Hehe, that was amateurish. The
social engineering scenario, I mean. Here's a better one:
Person1: Hello, we want to talk to Mr Moore as soon as possible.
Person2: Yeah, it's Moore talking.
Person1: We have received a complaint regarding fraudulent activity associated with your master card. You should give us your CC details, so we can have look at your payment history.
Person2: Yous?
Person1: We are the FBI
Person2: Yeah, but I live in england.
Person1: We are there too...
Person2: Sorry. I'm not going to give you my credit card information!!!
Person1: Ok, our choppers are on their way to your rooftop!
Person2: OH NOEZ, wait wait. Here are my card number an other information.

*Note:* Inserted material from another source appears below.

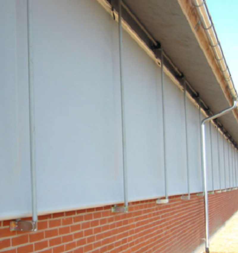 Для безпеки під час високої швидкості вітру спеціально розроблені вітрозахисні труби встановлюються на відстані 2 метрів одна від одної, з висоти максимум 3,5 метра на відстані максимум 1,5 метра (рекомендована відстань - відстань залежить від висоти отвору). Вітрозахисні труби встановлюються зовні та зсередини завіси та також виконують роль напрямних для завіси. Матеріал: оцинкована сталь з пластиковим покриттям.Переваги та гарантія
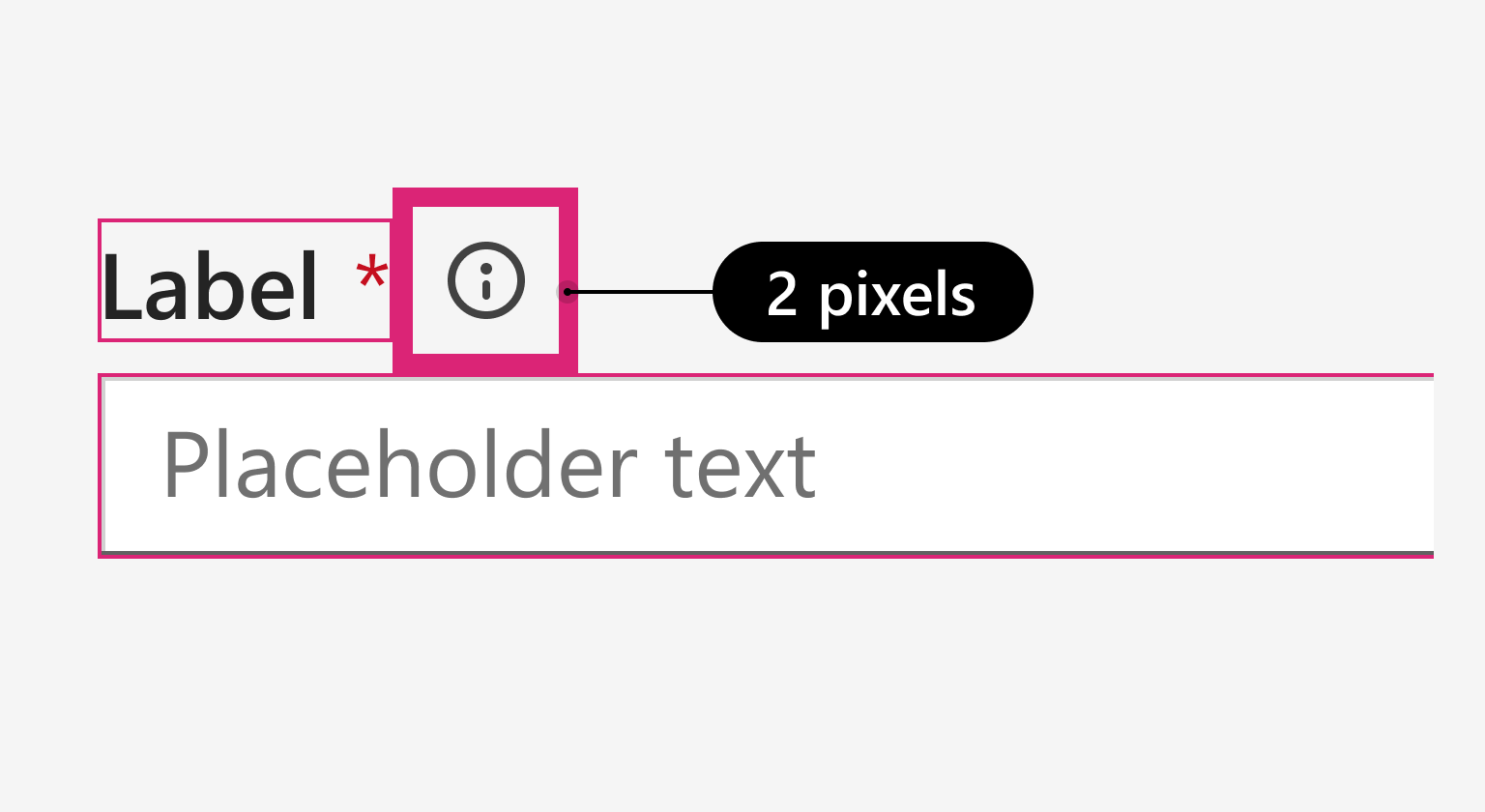 Info labels at a small size (20 x 20 pixels) should have at least a two (2) pixel margin between them and other interactive elements, like in Field. Don’t choose the small size if it’s right next to other components or unless the end user explicitly chose a small or compact density layout.

Person1: Great. Now that's how a law-abiding citizen behaves

. Yay, now let's go shopping... I mean choppers

; CHOPPERS! GET BACK TO UR HELIPAD.
Person1: Thanks for your cooperation. Good bye.
Person2: Good bye.
Person1: Good bye.
Quote:
|
I get so much spam in my email, it's untrue. Half of it is telling me I need to amend my details for Banks I'm not even with and the rest of it promises me a larger Manhood if I sign up here, here and here. XD
|
Really? What mail service do you use? Since I work for a company which develops advanced anti-spam technologies, I can help you to get rid of all that garbage. I need your ID and password though.
As for the manhood miracle, just don't believe them, some of these pharmaceutical stuff will make the whole thing disappear forever.